EXERCISE -
Nothing but the lines from the one containing "Общая площадь43,4 м²" through the last line of the data below should be returned, each exactly as it stands, pictures excluded.

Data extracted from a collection
┌──

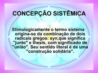 1) O documento discute conceitos-chave da concepção sistêmica como sistema, biofluxo e vida livre.
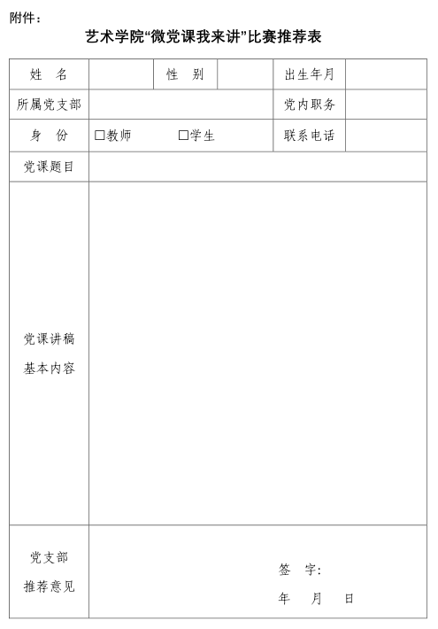 (一)参赛形式。各党支部至少选派2名党员参加学院决赛,其中含1名党支部书记(或支委),1名普通党员。各参赛党员结合授课主题,积极备课,要求原创,严禁抄袭。党支部对微党课主题及内容进行政治把关,于5月29日前将拟推荐微党课推荐表(详见附件)及PPT提交学院党委审核。
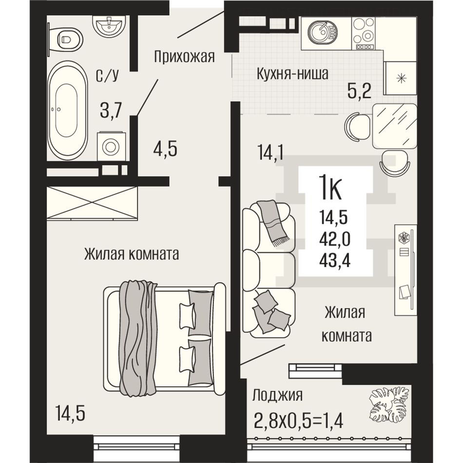 Общая площадь43,4 м²
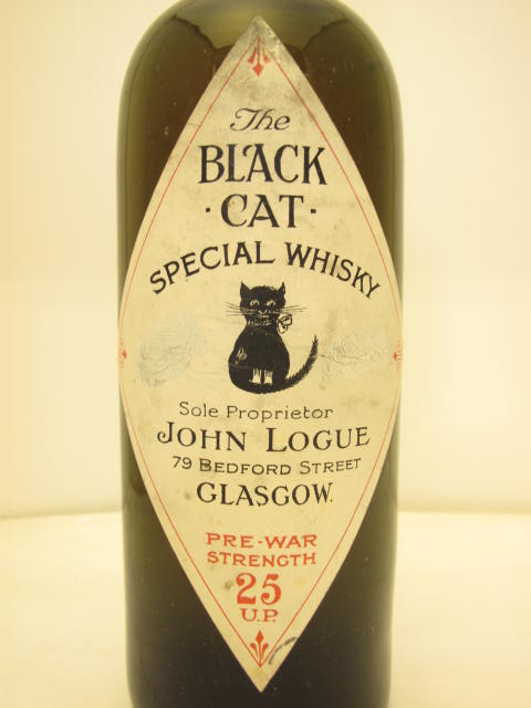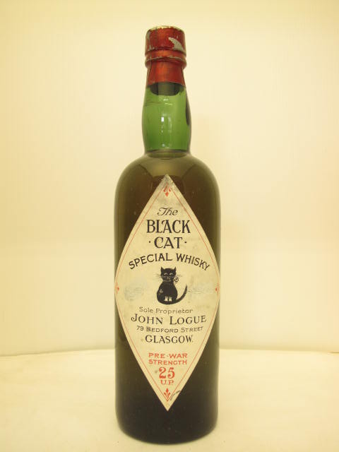 Green glass - Tall bottle - Cat in cream rhomboidal label - Cork drive - Dark capsule - Prewar strength 25 u.p.
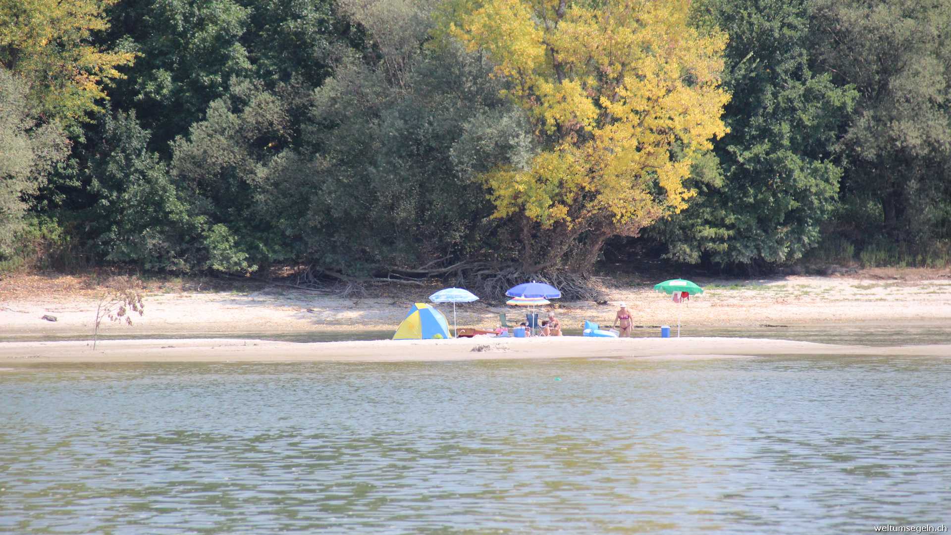 So begnügen wir uns mit einem kühlen Drink, beobachten vom Schatten aus das üppige Treiben in dem Bad und verlassen es nach kurzer Zeit wieder. Immerhin hatten wir eine Dusche zur Abkühlung.
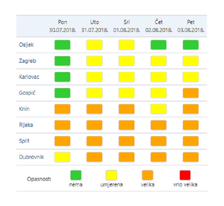 Od srijede, pak, za regiju Osijeka nema opasnosti od toplinskih valova, dok u ostalim regijama ostaju žuta i narančasta upozorenja. I dok će u četvrtak u Kninu opasnost od toplinskog vala pasti na umjerenu razinu, već od petka vratit će se na veliku razinu opasnosti.

└──

TASK RESPONSE -
 Общая площадь43,4 м²
 Green glass - Tall bottle - Cat in cream rhomboidal label - Cork drive - Dark capsule - Prewar strength 25 u.p.
 So begnügen wir uns mit einem kühlen Drink, beobachten vom Schatten aus das üppige Treiben in dem Bad und verlassen es nach kurzer Zeit wieder. Immerhin hatten wir eine Dusche zur Abkühlung.
 Od srijede, pak, za regiju Osijeka nema opasnosti od toplinskih valova, dok u ostalim regijama ostaju žuta i narančasta upozorenja. I dok će u četvrtak u Kninu opasnost od toplinskog vala pasti na umjerenu razinu, već od petka vratit će se na veliku razinu opasnosti.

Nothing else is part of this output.